From an end-user perspective, by the time you install either, you have a nice UNIX-enough-for-me environment. They're both nice and robust feeling, and do well.
I use FreeBSD now simply because I'm lazy and I find the ports system to be the way I find easier/simplest to use. Do I care if you prefer to run Linux? Not really.
My FreeBSD desktop is behind a firewall, and I'm completely uninterested in regularly updating my OS. It just works, and doesn't ever give me any lip. I suspect many Linux users have the same stance.
If it's not out on the internet without a firewall, security patches are more of an issue.
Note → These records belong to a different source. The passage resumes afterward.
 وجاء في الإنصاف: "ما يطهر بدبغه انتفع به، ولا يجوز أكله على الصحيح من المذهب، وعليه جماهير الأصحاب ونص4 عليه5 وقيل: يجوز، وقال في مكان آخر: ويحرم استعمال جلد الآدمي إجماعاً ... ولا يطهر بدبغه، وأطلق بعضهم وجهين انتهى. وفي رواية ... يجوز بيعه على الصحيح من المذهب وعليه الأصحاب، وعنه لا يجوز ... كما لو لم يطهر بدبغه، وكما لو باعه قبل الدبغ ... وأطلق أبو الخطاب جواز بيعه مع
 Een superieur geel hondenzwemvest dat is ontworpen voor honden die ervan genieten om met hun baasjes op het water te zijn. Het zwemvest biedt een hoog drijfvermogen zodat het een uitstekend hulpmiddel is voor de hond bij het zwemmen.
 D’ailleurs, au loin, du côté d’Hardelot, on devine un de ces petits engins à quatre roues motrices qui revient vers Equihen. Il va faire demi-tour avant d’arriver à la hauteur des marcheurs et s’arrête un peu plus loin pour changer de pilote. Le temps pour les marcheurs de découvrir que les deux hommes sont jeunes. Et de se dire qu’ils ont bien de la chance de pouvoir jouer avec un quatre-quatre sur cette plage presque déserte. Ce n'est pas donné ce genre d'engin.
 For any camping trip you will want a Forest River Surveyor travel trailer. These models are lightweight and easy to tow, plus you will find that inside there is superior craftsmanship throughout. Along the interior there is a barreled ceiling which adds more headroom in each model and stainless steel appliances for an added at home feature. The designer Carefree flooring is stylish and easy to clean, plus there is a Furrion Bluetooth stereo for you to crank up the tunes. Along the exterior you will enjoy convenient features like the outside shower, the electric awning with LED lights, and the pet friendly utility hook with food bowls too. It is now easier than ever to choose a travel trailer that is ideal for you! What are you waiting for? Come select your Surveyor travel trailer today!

For a shockingly stable OS that I upgrade every year or so
I think Linus is correct though --- the BSDs focus on a particular design prinicpal, Linux encourages everyone to add in the things they need to make things work, and "just good enough" focues on actually providing functionality. Linux is highly successful because of that.
Lost at C:>. Found at C.
Did anyone learn anything of interest from this interview? What new insight into Linux or FreeBSD did you come away with?
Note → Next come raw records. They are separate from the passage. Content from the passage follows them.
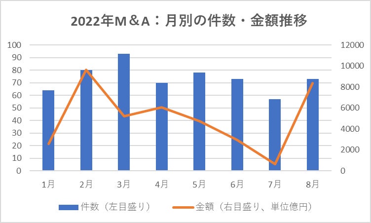 全体では73件と前年同月を8件上回った。8月として70件を超えるのは2019年(同数の73件)以来3年ぶり。海外案件が今年最多の月間21件に上ったことが件数を押し上げた。1~8月累計は前年同期比15件増の588件。8月の取引金額は8379億円で、2月に次ぐ今年2番目のレベル。オリンパスが顕微鏡などの科学事業を4276億円で売却するのをはじめ、上位にエイチ・アイ・エス(HIS)、三井化学による大型の売却案件が目立った。
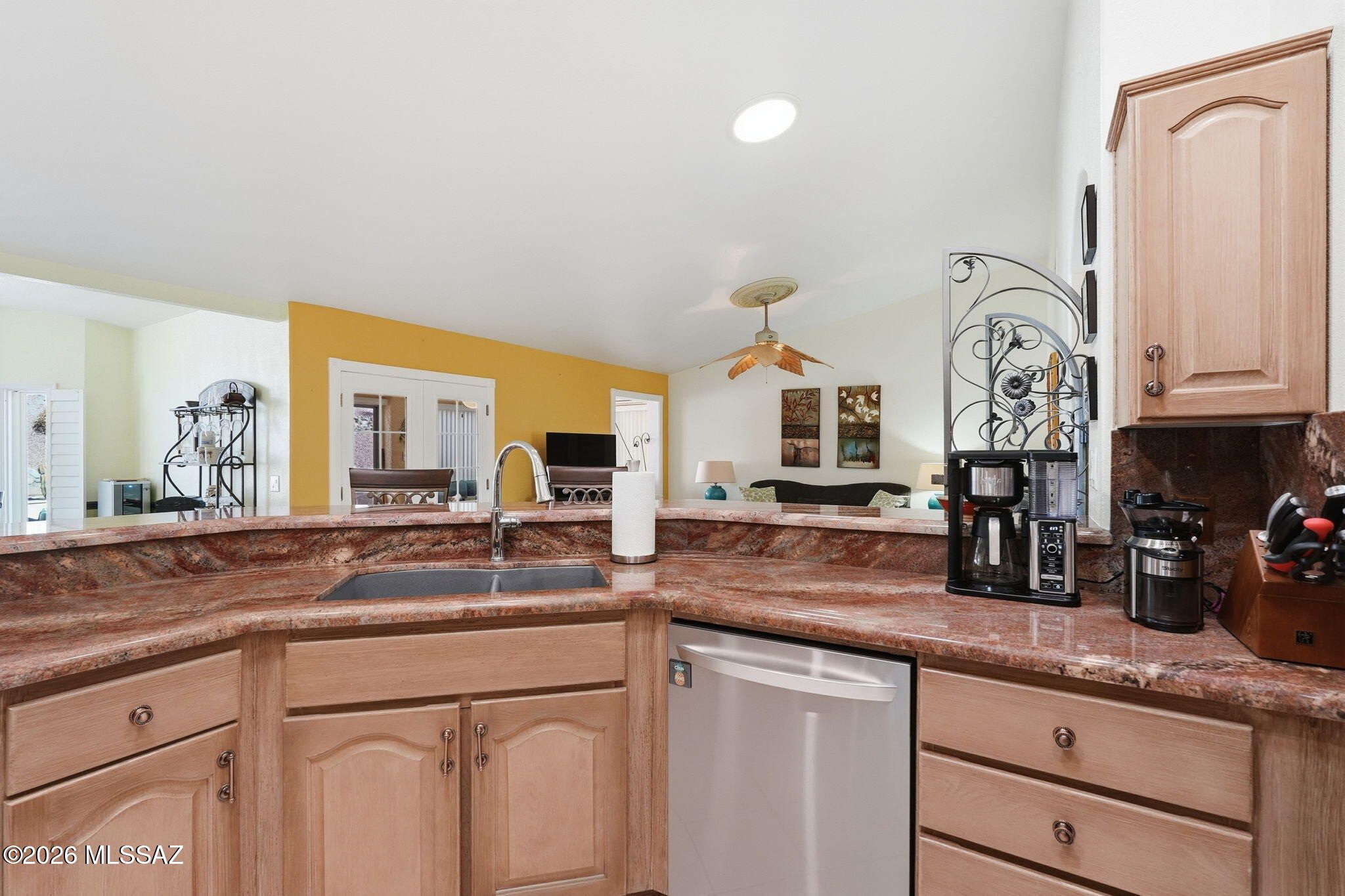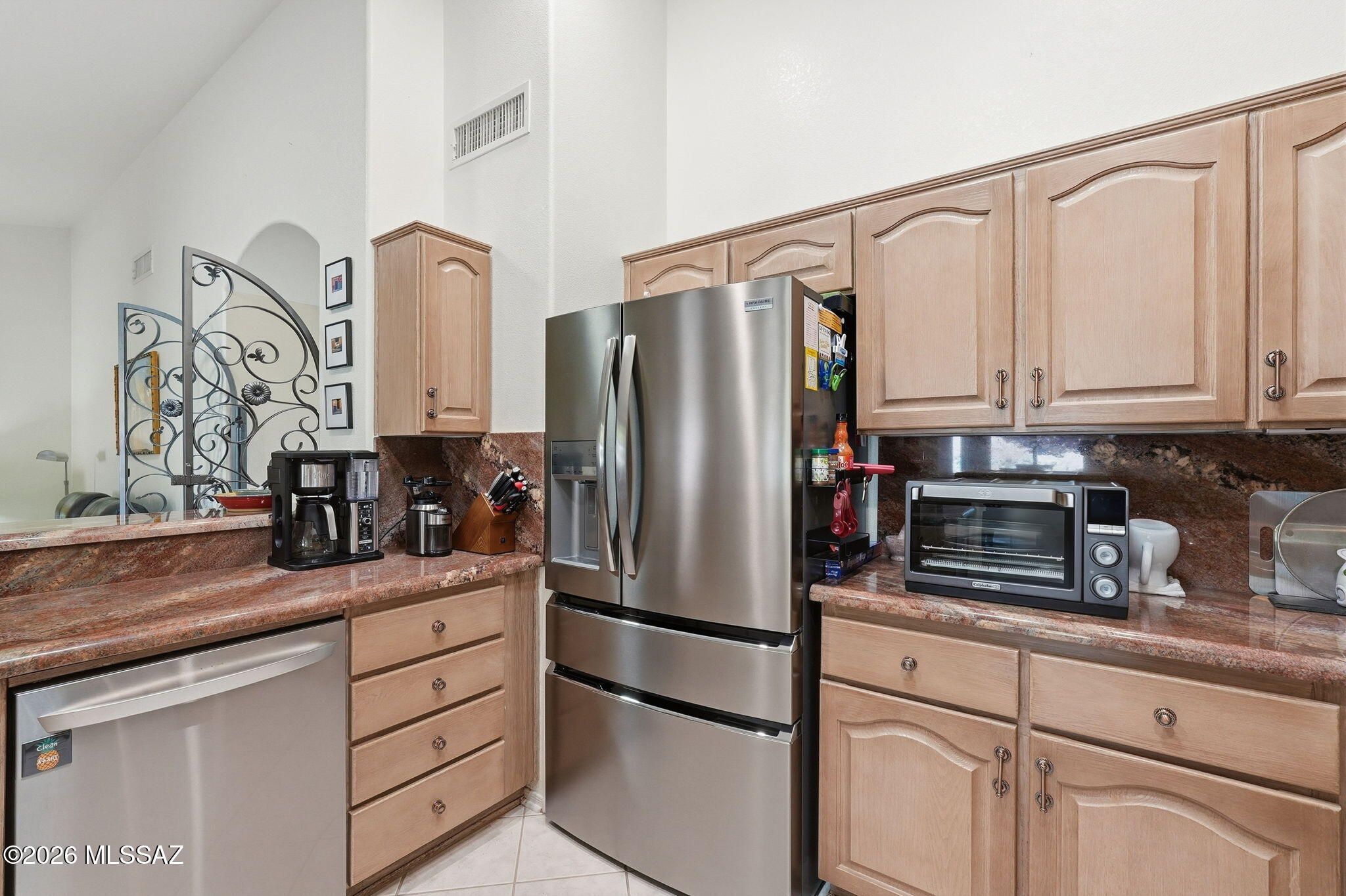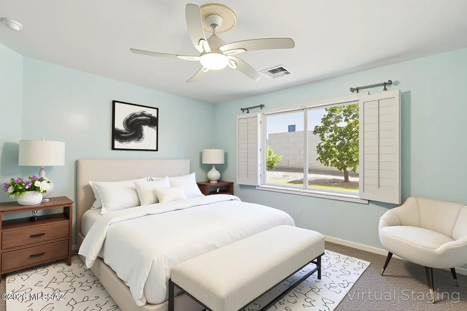 Expanded Diego with upgrades throughout. Bright, open kitchen features slab granite counters, stainless appliances, undermount sink, pantry cabinet, pullouts, breakfast bar, and expanded dining area with arched window--perfect for sipping your morning coffee. Family room with vaulted ceiling plus separate living room ideal for entertaining. Spacious primary suite with walk in closet. Large guest bedroom w/ensuite. 150 sq. ft. Arizona room w/ mini-split and tile flooring (not included in 1,912 sq. ft.). Plantation shutters, solar tubes, sunscreens, custom tile accents, and laundry with storage. Resort-style yard with aluminum ramada, flagstone patio, water feature, citrus trees, and retractable awning. Garage w/epoxy floors, loads of storage, and utility sink. Hot H2O tank 2024, HVAC 2018
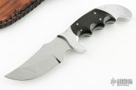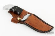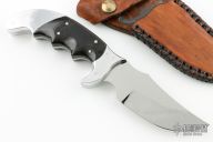 This skinner features a mirror polished blade with .155" blade stock and 1.493" blade depth, full tang construction. The handle has aluminum bolsters, black linen micarta scales. Comes with a brown leather sheath. Has some spots on the blade, otherwise good condition. The knife is marked "FC", please let us know if you know who this is.

I think I learned just as much about open software from this article as I did from E!'s coverage of Tom Cruise and Katie Holmes.
There is much pleasure to be gained in useless knowledge.
Actually, Linux does support CPU hotplugging. Or at least on some architectures - namely, the "big" ones, like S390, IA64, ppc64 etc.
:)
That aside, you're right about support for really big iron being less advanced compared to that in Solaris, for example, but in a way, you're comparing apples with oranges here, because that only goes for the "vanilla", main-line kernel. I think it would be more fair to compare Solaris with what Linux versions are being offered by other vendors such as SGI or IBM; SGI at least has a number of patches that have not gone into mainline (yet?), because most developers aren't that concerned with tweaks that make the kernel run smoother on 512-cpu systems.
Of course, there still is a lot that Linux can learn from Solaris - but learn we will, because we don't strive to be better than anyone or anything, we strive to be *good*.
quidquid latine dictum sit altum videtur.
For the end-user, probably. But there's a huge amount of work and research left to be done with OS kernels. How about a standard driver API/ABI for OSS kernels? How about the ability to use the BSD TCP/IP stack with Linux (something I'd love to see, for reasons I won't get into here)?
How about a microkernel or an exokernel with decent performance? The HURD is essentially dead, but there's still an opportunity for a brilliant someone to come along and make a good microkernel OS, with all the security, stabillity, and maintainability that comes along with such an architecture.
Point is, there are many many opportunities for a creative kernel hacker to do new, useful things.